MEMORANDUM ADOPTING REPORT AND RECOMMENDATION OF UNITED STATES MAGISTRATE JUDGE

Came on for consideration the report of the United States Magistrate Judge in this action, this matter having been heretofore referred to the Magistrate Judge pursuant to 28 U.S.C. § 636. On June 10, 2021, the report of the Magistrate Judge (Dkt. #30) was entered containing proposed findings of fact and recommendations that Movant Katie Lee Keyes’s motion to vacate, set aside, or correct sentence pursuant to 28 U.S.C. § 2255 (Dkt. #1) be denied, her claims be dismissed with prejudice, and a certificate of appealability be denied. Having received the report of the Magistrate Judge, having considered Movant’s Objections (Dkt. #32) and the Government’s Response (Dkt. #33), and having conducted a de novo review, the Court is of the opinion that the findings and conclusions of the Magistrate Judge are correct and adopts the Magistrate Judge’s report as the findings and conclusions of the Court. RELEVANT BACKGROUND As set forth in the Magistrate Judge’s report, on June 13, 2018, a Grand Jury returned a Second Superseding Indictment charging Movant with a violation of 21 U.S.C. § 846, Conspiracy to Possess with the Intent to Manufacture and Distribute Methamphetamine (Count One); a violation of 21 U.S.C. § 846, Conspiracy to Possess with the Intent to Distribute Heroin (Count Two); and a violation of 21 U.S.C. § 846, Conspiracy to Possess with the Intent to Distribute Cocaine (Count Three). United States v. Perez, No. 4:17-cr-00198-MAC-KPJ-7 (E.D. Tex. June 13, 2017), ECF No. 111, Sealed. Following entry of a guilty plea to Count Three, Movant was sentenced to 70-months imprisonment on January 18, 2019. Id. ECF No. 326. Movant did not file a direct appeal. Movant filed this § 2255 Motion on August 1, 2019 (Dkt. #1). Movant alleges ineffective assistance of counsel, specifically that Counsel failed to file a notice of appeal after being requested to do so (Dkt. #1 at p. 4). The Magistrate Judge appointed Movant counsel

(Dkt. #10), and on October 13, 2020, a Tapp hearing (“Hearing”) was held (Dkt. #16). Bradley Visosky appeared on behalf of the Government, and Joseph Mongaras appeared on behalf of Movant. At Hearing, the Court heard testimony from two witnesses: Ms. Heather Fisher (“Counsel”) and Movant (Dkt. #16). On June 10, 2021, the Magistrate Judge recommended Movant’s Motion be denied and her case dismissed with prejudice (Dkt. #30). The Magistrate Judge concluded Movant failed to meet her burden of showing by a preponderance of the evidence that she directed Counsel to file an appeal. OBJECTION TO REPORT AND RECOMMENDATION On June 23, 2021, Movant filed her Objections to the report of the Magistrate Judge

(Dkt. #32). On July 6, 2021, the Government filed a response to Movant’s Objections (Dkt. #33). A party who files timely written objections to a magistrate judge’s report and recommendation is entitled to a de novo review of those findings or recommendations to which the party specifically objects. 28 U.S.C. § 636(b)(1)(C); FED. R. CIV. P. 72(b)(2)-(3).
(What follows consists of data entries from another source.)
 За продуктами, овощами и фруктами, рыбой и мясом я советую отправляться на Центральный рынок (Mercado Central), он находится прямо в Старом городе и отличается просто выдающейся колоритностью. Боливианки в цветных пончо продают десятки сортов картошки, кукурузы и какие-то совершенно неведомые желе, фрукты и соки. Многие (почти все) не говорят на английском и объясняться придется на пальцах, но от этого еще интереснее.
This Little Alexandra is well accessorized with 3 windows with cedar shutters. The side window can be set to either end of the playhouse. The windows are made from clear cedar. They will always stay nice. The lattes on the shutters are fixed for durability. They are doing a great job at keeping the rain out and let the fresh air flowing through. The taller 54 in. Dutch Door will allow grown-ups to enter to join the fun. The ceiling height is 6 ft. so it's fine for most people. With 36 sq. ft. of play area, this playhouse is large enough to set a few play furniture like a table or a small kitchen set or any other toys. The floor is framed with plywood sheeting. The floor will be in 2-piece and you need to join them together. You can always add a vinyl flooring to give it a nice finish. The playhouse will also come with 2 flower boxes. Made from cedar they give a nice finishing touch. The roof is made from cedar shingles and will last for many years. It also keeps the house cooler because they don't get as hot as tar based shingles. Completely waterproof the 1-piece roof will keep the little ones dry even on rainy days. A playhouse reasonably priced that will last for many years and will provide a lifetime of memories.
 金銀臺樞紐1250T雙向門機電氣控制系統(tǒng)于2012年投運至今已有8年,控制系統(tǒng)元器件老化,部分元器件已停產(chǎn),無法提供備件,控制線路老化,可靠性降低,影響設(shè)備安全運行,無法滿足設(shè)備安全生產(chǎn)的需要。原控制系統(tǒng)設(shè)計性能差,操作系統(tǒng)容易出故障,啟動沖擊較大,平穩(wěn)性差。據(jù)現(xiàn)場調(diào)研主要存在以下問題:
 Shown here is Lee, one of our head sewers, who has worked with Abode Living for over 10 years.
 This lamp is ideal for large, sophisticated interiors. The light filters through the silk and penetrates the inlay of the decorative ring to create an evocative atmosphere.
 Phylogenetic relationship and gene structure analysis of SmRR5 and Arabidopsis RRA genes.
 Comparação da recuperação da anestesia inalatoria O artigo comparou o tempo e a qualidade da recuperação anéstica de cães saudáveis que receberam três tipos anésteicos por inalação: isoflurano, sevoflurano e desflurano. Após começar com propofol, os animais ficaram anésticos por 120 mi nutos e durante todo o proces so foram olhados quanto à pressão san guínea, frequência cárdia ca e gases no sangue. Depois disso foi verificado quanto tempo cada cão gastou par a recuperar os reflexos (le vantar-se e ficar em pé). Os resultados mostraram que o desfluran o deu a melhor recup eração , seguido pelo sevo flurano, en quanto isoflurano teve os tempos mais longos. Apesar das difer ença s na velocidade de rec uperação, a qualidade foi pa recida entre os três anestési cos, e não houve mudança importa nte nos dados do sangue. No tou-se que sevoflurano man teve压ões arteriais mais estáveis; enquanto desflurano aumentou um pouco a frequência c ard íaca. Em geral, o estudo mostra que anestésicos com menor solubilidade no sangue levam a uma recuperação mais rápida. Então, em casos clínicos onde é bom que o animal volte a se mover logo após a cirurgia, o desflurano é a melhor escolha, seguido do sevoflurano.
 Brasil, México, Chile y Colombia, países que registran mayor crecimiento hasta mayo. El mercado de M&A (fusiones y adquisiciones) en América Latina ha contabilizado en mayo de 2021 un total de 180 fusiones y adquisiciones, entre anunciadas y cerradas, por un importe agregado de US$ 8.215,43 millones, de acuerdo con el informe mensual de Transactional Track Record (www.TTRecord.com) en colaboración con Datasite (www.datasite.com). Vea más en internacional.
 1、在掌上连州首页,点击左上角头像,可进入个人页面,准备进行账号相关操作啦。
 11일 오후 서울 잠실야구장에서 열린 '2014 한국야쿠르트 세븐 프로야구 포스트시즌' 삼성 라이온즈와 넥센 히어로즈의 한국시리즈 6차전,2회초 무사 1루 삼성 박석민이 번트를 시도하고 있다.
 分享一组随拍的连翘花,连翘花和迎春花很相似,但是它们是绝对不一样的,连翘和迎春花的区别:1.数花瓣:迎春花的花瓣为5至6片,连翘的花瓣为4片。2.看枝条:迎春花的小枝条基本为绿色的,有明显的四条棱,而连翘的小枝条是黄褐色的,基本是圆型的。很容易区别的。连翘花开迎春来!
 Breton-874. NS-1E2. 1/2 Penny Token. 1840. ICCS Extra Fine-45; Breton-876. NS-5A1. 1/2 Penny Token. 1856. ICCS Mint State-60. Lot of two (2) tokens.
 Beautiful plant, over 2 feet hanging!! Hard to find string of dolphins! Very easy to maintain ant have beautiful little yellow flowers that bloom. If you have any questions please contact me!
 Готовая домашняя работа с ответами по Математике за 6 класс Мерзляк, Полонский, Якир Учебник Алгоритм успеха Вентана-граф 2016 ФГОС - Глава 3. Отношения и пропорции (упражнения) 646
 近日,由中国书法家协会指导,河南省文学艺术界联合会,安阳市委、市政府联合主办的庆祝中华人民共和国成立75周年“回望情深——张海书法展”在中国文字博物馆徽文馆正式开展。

Movant raises three primary objections to the Magistrate Judge’s report: (1) Movant’s testimony was credible, undisputed, and proved she did request an appeal; (2) Counsel had a duty to file an appeal and performed deficiently; and (3) the Court should look beyond the Tapp issue and examine the merits of Movant’s claims for ineffective assistance of counsel in another hearing (Dkt. #32). The Court addresses Movant’s final Objection first. Objection – Hearing on the Merits of Movant’s § 2255 Claims Movant admits her final argument is not an objection to the Magistrate Judge’s findings related to the Tapp Hearing, but rather an appeal to the Court to look beyond the Tapp issue and expand the record on Movant’s ineffective assistance of counsel claims (Dkt. #32 at p. 11). Movant does not cite any authority demonstrating she is entitled to an evidentiary hearing on any

issue beyond Tapp. And the inquiry and evidentiary hearing required by Tapp is limited to the narrow question of whether a defendant requested that counsel file an appeal. United States v. Rodriguez, No. CIV. H-08-2991, 2011 WL 5358685, at *6 (S.D. Tex. Nov. 3, 2011) (“As evinced by Tapp and subsequent Fifth Circuit cases, a defendant’s right to an evidentiary hearing and, ultimately, an out-of-time appeal, is premised on [her] sworn pleading that he expressly instructed trial counsel to pursue an appeal or file a notice of appeal.”). Unless Movant prevails on the Tapp issue, the Court need not reach the merits of Movant’s other ineffective assistance claims as to an appeal. See United States v. Johnson, 792 F. App’x 339, 340 (5th Cir. 2020) (citing United States v. Bejarano, 751 F.3d 280, 286 (5th Cir. 2014)) (“[Movant] erroneously relies on the presumed

prejudice afforded when a defendant requests that counsel file an appeal and counsel fails to do so, but she does not challenge the district court’s finding that she never requested that her attorney file an appeal. She has therefore failed to make a showing of prejudice.”); United States v. Aiyewa, No. 4:14-CR-230-1, 2018 WL 1961007, at *4 (S.D. Tex. Apr. 26, 2018) (“Because the evidentiary hearing will result in either a finding that [movant] is entitled to an out of time appeal, or a finding that counsel was not ineffective,” movant’s other claims regarding ineffective assistance as to an appeal “do not merit relief” because: “(a) if counsel was not ineffective for failing to file a notice of appeal, then it necessarily follows that [she] was not ineffective for failing to raise claims on appeal; and, conversely (b) if counsel was ineffective, then [movant] will have an opportunity to raise [her] claims in an out of time appeal, obviating any prejudice from counsel’s ineffectiveness.”). “[T]he question in Tapp is whether a defendant asked [her] attorney to file a notice of appeal and counsel failed to honor that request. . . and the case law goes no[] further.” Jackson v. United States, No. 6:12CR00059-011, 2015 WL 10793743, at *1 (E.D. Tex. Aug. 19, 2015). The answer here is Movant did not. Movant’s Objection is overruled.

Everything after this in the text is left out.